Well, this picture isn’t pretty and it is affecting so many areas of life.  Besides what we cannot buy it is hard on a marriage and it is difficult for kids who have been used to having whatever they need and most of what they want.  They will get over it but it should make those who are employed a little more grateful for their jobs.

SO, the real crux of my thinking today is about the wives of men who are doing whatever they can to hold onto their jobs and maybe taking a job that is less than they have had before.  I am fully aware that women are in the same boat but this post is being written out of concern for women’s responses to their husband’s changes in job situations.  Many  men are working longer hours and/or they may be bringing home less pay.  The job may not be in the same category as they used to work in.  These are humbling times.

I had a conversation with someone whose husband has kept his job but the number of hours he has to work is much greater.  She is feeling sorry for him because of the physical strain – and sorry for herself because she is alone a lot.  Another friend’s husband is also working the same job he’s had for years but the perks were cut back a couple of years ago and this year the responsibilities were rearranged.  Financially this was an advantage to his company but a disadvantage to their personal finances.  The stories go on and on.

Christian wives, do you think God is unaware?  Has all this happened so that we will be personally inconvenienced?  Is anger with our husbands going to help our marriages for a minute?  Is disappointment with a new job going to show respect to the man who has loved and cared for you for years?   

Several years ago my husband took a new job and – for reasons beyond his control – had to start working long hours – ridiculously long hours.  Our kids were out of the house and it was a lonely time for me.  I started to listen to lies like, “If he loved you he wouldn’t work these hours.”  “If he really cared about you he would just tell them he needs to go home.”  “A real Christian man would never leave his wife for this many hours.”   I’m sure I was a joy to come home to!!

IN my study of the scripture during this time God showed me a truth.  The truth was from 2 Corinthians 12:9, “My grace is sufficient for you.”  And so it was.  I started to counter my untrue thoughts with true ones.  “My husband has always worked hard and cared about me.”  “He would not do this if it wasn’t necessary.”  When he is here he is devoted and loving.”  God will never leave me nor forsake me.  He will be sufficient if I turn to Him.   

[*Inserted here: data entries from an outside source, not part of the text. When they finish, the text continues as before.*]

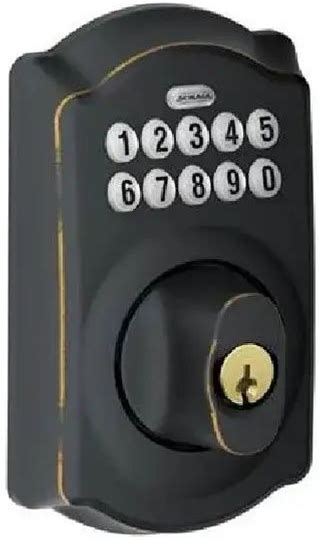 Schlage Residential Camelot Electronic Keypad Deadbolt C Keyway With 12287 Latch And 10116 Strike Aged Bronze By Sa BE365CAM716619
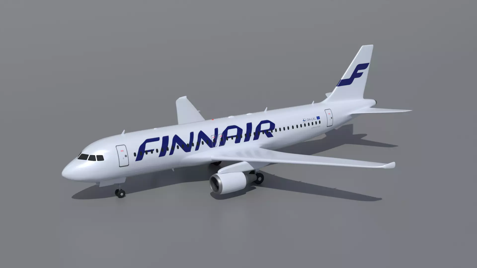 This is a realistic 3D model of a commercial Finnair airbus a320 airplane jet. The airplane was modeled and prepared for realistic renderings, background, general CG visualization presented as 1 mesh with quads.
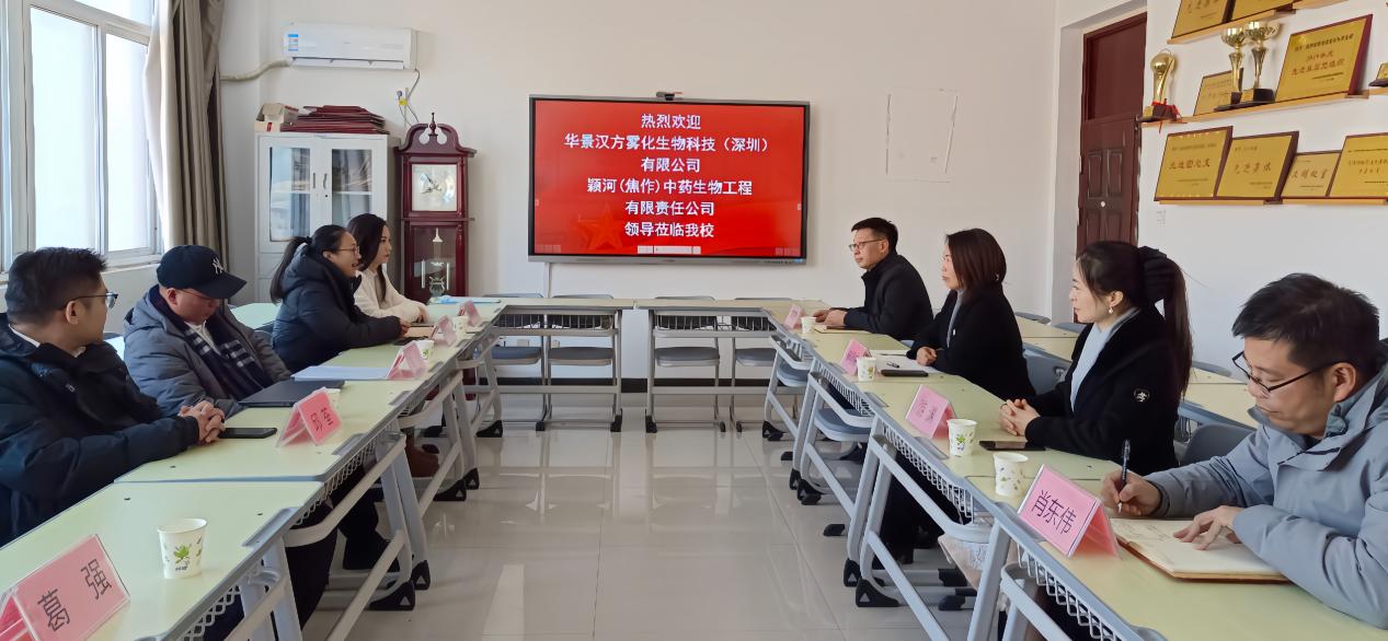 12月21日上午,景华汉方雾化生物科技有限公司总经理刘勇和颍河中药生物工程有限公司总经理胡依凡等领导等一行来到我校医药学院参观交流,科研外事处的游渊副处长、医药学院党总支书记崔咏梅、院长李明奇、副书记肖东伟等参加交流座谈。
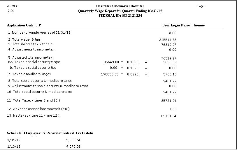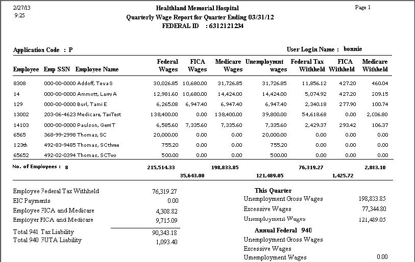 This report prints each employee who had earnings during the quarter with their employee number, social security number, name, federal, FICA and Medicare taxable wages, federal unemployment wages, and federal, FICA and Medicare withholdings. A second report shows total amounts that need to be reported for the 941.

It took a few days of praying and reminding myself of the truth about my husband and my God, but the resentment toward my husband went away.  I am sure it was a lot easier to come home again!  

I was so happy this lady who talked to me could see that her husband was doing what he needs to do to keep his job in an economy that doesn’t promise anything new and better if he left the one he has.  My fear is for the marriage of that woman who wants to complain because, in a difficult economy, her husband isn’t living up to her expectations.  She is unhappy with the hours, the pay, or the kind of job her husband has taken.  The lie that we believe is, “things can be like they always have been.”  The truth to replace that lie is that, unless the economy improves drastically soon, “any job is a good job.”   

An excellent wife who can find?  She is far more precious than jewels. The heart of her husband trusts in her, and he will have no lack of gain. She does him good, and not harm, all the days of her life.  Proverbs 31:10-12   

I think the questions every wife needs to answer are, “How can I encourage and respect my husband given the current set of circumstances?”  “How can I do him good and not harm?”